Collected material =

*** Block opens ***

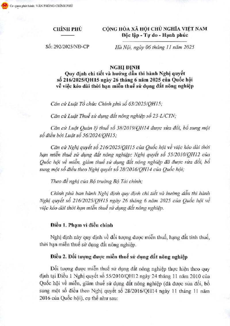 1.Nghị định số 292/2025/NĐ-CP ngày 06/11/2025 của Chính phủ Quy định chi tiết và hướng dẫn thi hành Nghị quyết số 216/2025/QH15 ngày 26 tháng 6 năm 2025 của Quốc hội về việc kéo dài thời hạn miễm thuế sử dụng đất Nông nghiệp đến toàn thể công chức, viên chức, người lao động thuộc phạm vi quản lý bằng nhiều hình thức phù hợp, hiệu quả
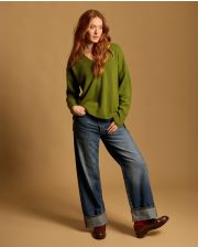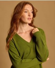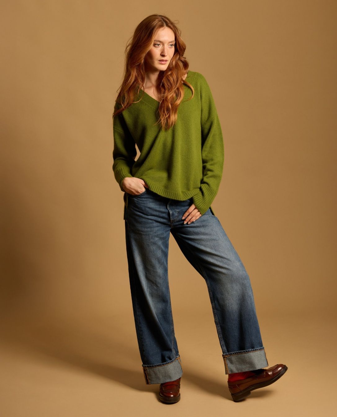 Pull loose asymétrique en cachemire double fil. Encolure large bord, V profond. Taille unique. Longueur épaule 67 cm. Le mannequin mesure 1,78m.
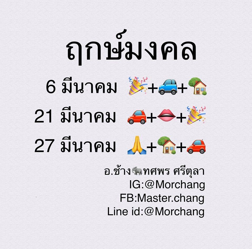 มีฤกษ์งามยามดีมาบอกทุกๆ เดือนสำหรับ 'หมอช้าง' ทศพร ศรีตุลา หมอดูชื่อดังที่เปิดฤกษ์ดี เดือนมีนาคม 2563 ให้กับแฟนๆ ไทยรัฐออนไลน์ ได้รู้กัน หากใครมีแพลนจะออกรถ หาฤกษ์ขึ้นบ้านใหม่ หาฤกษ์เจรจา หรือหาฤกษ์เดินทาง และอีกมากมาย ลองดูวันดีๆ ที่อาจารย์ช้างแนะนำกัน....
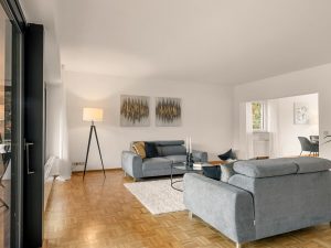 Das Herzstück der Wohnung bildet das große und lichtdurchflutete Wohnzimmer, welches Zugang zu der weitläufigen Loggia bietet.

*** Block closes ***

Work task = What this calls for is the material above set down exactly, pictures excluded.

Answer to the exercise =
 1.Nghị định số 292/2025/NĐ-CP ngày 06/11/2025 của Chính phủ Quy định chi tiết và hướng dẫn thi hành Nghị quyết số 216/2025/QH15 ngày 26 tháng 6 năm 2025 của Quốc hội về việc kéo dài thời hạn miễm thuế sử dụng đất Nông nghiệp đến toàn thể công chức, viên chức, người lao động thuộc phạm vi quản lý bằng nhiều hình thức phù hợp, hiệu quả
 Pull loose asymétrique en cachemire double fil. Encolure large bord, V profond. Taille unique. Longueur épaule 67 cm. Le mannequin mesure 1,78m.
 มีฤกษ์งามยามดีมาบอกทุกๆ เดือนสำหรับ 'หมอช้าง' ทศพร ศรีตุลา หมอดูชื่อดังที่เปิดฤกษ์ดี เดือนมีนาคม 2563 ให้กับแฟนๆ ไทยรัฐออนไลน์ ได้รู้กัน หากใครมีแพลนจะออกรถ หาฤกษ์ขึ้นบ้านใหม่ หาฤกษ์เจรจา หรือหาฤกษ์เดินทาง และอีกมากมาย ลองดูวันดีๆ ที่อาจารย์ช้างแนะนำกัน....
 Das Herzstück der Wohnung bildet das große und lichtdurchflutete Wohnzimmer, welches Zugang zu der weitläufigen Loggia bietet.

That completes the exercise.